All in all, Glassdoor reports that by 2021, the average annual income of day traders is about $74,000-although there is a big difference from this average, some day traders earn six-figure income, while others lose money. .
How to start day trading
Starting day trading is not like getting involved in investing. Any potential investor with a few hundred dollars can buy stock in a company and keep it for months or years. However, the Financial Industry Regulatory Authority (FINRA) defines rules for it as a model day trader (a person who performs four or more intraday transactions in the same account within five working days). These rules require margin traders who trade frequently to maintain at least $25,000 in their accounts. If their balance is below this level, they cannot trade.
This means that day traders must have enough capital beyond 25,000 USD to truly make a profit. And because day trading requires focus, it is not compatible with maintaining daily work.
This rule allows traders to trade more than $25,000 in maintenance margin on the model day.

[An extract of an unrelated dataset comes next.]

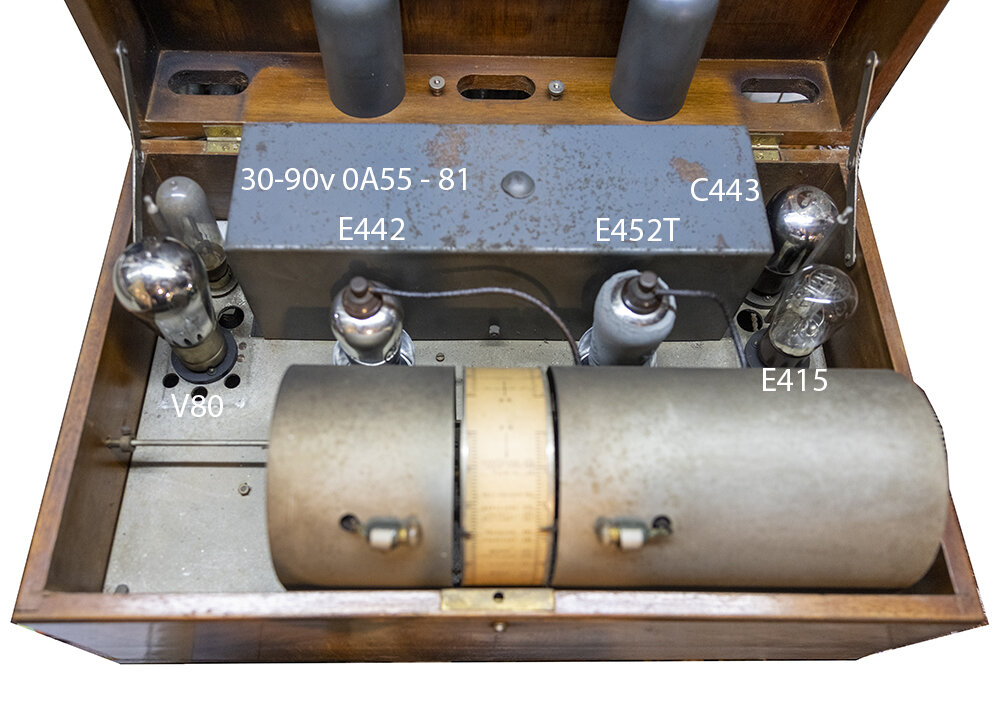 Je remarque que sur certains de ces modèles (avec le même coffret), les fiches comptent la « régulatrice » dans le nombre de lampes et sur d’autres non. Personnellement je la compte, donc 6 lampes: 30-90 V, V80, E442, E452T, E415, C443.

Most day traders should be prepared to take risks with their capital. In addition to the required minimum balance, potential day traders also need to access online brokers or trading platforms and software to track positions, conduct research, and record transactions. Brokerage commissions and short-term capital gains taxes can also be added up.
Aspiring day traders should take all costs into account in their trading activities to determine whether they can achieve profitability.
The mode day trading rules apply to stocks and stock options trading, but not to other markets such as foreign exchange.
How many trades can a day trader make in a day?
Depending on the strategy adopted, many day traders make an average of tens to hundreds of trades per day. With the advent of algorithms and high-frequency trading (HFT) systems, some day traders can conduct tens of thousands of personal transactions in one day (with the help of computers). However, to be marked as a model trader by your broker, the regulator requires you to trade for only four days within five working days.
What is the success rate of intraday traders?
The success rate of intraday trading (that is, making money) is actually very low. According to sources, only about 5% to 20% of day traders continue to make money-which means that up to 95% of day trades fail and lose money.
What are the financial risks of intraday trading?
The most obvious risk of intraday trading is loss-sometimes loss. Since few day traders continue to make profits over time, your time and money are best spent on more productive activities.
If you are serious about trading to make money, day trading is not a hobby or occasional activity. Although there is no guarantee that you will make money or be able to predict the average rate of return for any period of time, you can master some strategies to help you lock in gains while minimizing losses.
Becoming a successful day trader requires discipline, capital, patience, training and risk management. If you are interested, check out the best stock brokers for day trading, because the first step is to choose a broker that suits your needs.